A QUARTA PREOCUPAÇÃO DO DOUTOR Apocalipse é com os mercados emergentes propriamente ditos, boa parte dos quais ele vê fragilizada por conta da transição na China, do declínio das cotações das commodities, e pela guinada na política monetária do Fed. Para ele, tais mudanças pegam vários países em desenvolvimento de calças curtas, com suas respectivas políticas macroeconômicas desajustadas e com a falta de reformas estruturais limitando a capacidade de crescimento, além de muitos deles se depararem este ano com riscos políticos e/ou eleitorais. A quinta ameaça listada por Roubini é que o conflito na Ucrânia redunde em nova Guerra Fria, ou mesmo em guerra efetiva. Tais desdobramentos poderiam impactar de forma considerável os suprimentos de energia e os fluxos globais de investimentos. Por fim, a sexta besta à espreita da economia mundial tem base nas discórdias territoriais (marítimas e terrestres) na Ásia, a começar pela disputa entre China e Japão, com a chance de que alguma delas descambe para um embate militar.

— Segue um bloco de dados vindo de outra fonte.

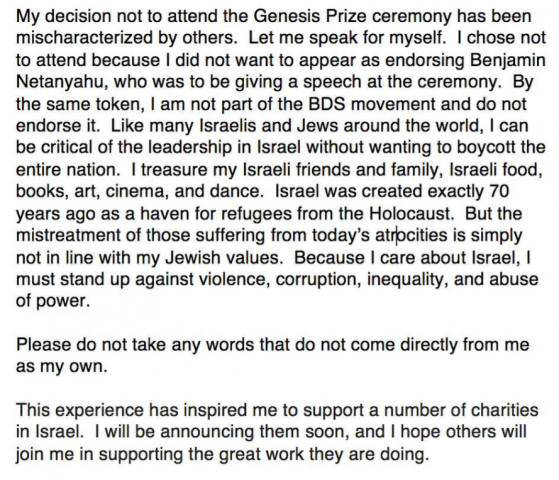 "ההחלטה שלי לא להגיע ולקבל את פרס 'בראשית' פורשה בצורה לא נכונה על ידי אחרים. תנו לי לדבר בעצמי", כתבה פורטמן בהודעה "בחרתי שלא להגיע בגלל שלא רציתי להצטייר כמי שמביעה תמיכה בבנימין נתניהו, שהיה אמור לנאום בטקס. יחד עם זאת, אני לא תומכת בארגון ה-BDS ואני לא חלק מהארגון".

PODE-SE CONCLUIR, PORTANTO, que às antigas ameaças capitais, que ainda estão presentes, somam-se atualmente outras seis. Assim, a quantidade de eventos com potencial para causar uma significativa guinada para baixo nas perspectivas para a economia mundial teria dobrado em um ano, na avaliação de Nouriel Roubini. Entretanto, os 12 cisnes negros de hoje teriam, em conjunto, uma probabilidade mais remota de efetivamente ocorrerem do que aquela atribuída há uma ano aos primeiros seis eventos listados. Observando-se o que vem acontecendo com os ativos mundo afora, especialmente nos mercados imobiliário e acionário dos países desenvolvidos e de alguns emergentes, parece estar em curso uma intensa corrida para se tirar o maior proveito possível desta suposta redução probabilística do risco, enquanto a liquidez ainda é farta, com os juros nas economias centrais ainda bastante deprimidos.